Mr. Kilmer wrote in his memoir that he was initially uninterested in the script of “Top Gun” and was reluctant to join the cast, but he was won over by director Tony Scott’s jubilance. He reprised his role as Iceman in a 2022 sequel, “Top Gun: Maverick,” appearing to deliver a short, poignant message to Cruise’s character, Capt. Pete “Maverick” Mitchell.
Mr. Kilmer’s credits over the years included “Thunderheart” (1992), about an FBI agent tasked with investigating a murder on a Native American reservation; “True Romance” (1993), a romantic crime drama in which Mr. Kilmer played a ghost of Elvis Presley; “The Island of Dr. Moreau” (1996), which co-starred Brando in an adaptation of the H.G. Wells novel; and “Twixt” (2011), a horror film directed by Francis Ford Coppola.

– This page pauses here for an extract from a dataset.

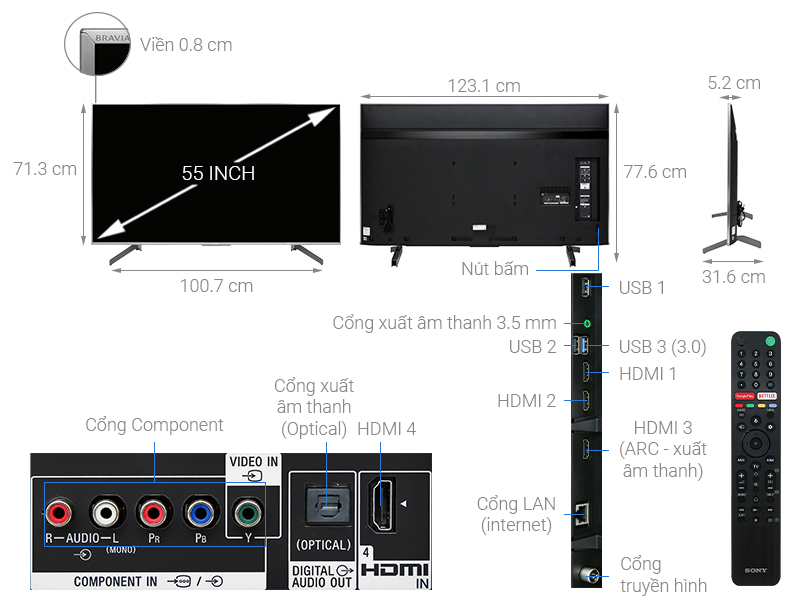 Netflix Calibrated Mode, Hiệu chỉnh màu sắc chuẩn CalMAN, Edge LED Frame Dimming, Dolby Vision, Triluminos, HLG, HDR10, 4K X-Reality PRO, 4K HDR X1™

In the later years of his career, Mr. Kilmer wrote, produced, directed and performed a one-man play, “Citizen Twain,” about the writer Mark Twain, and appeared in a 2019 film version of the work, “Cinema Twain.”
Mr. Kilmer’s marriage to British-born actress Joanne Whalley, who appeared with him in “Willow,” ended in divorce. Survivors include their son and daughter.
Reflecting in the documentary on his “magical” life, Mr. Kilmer said: “I have behaved poorly. I have behaved bravely. I have behaved bizarrely to some. I deny none of this and have no regrets because I have lost and found parts of myself that I never knew existed.”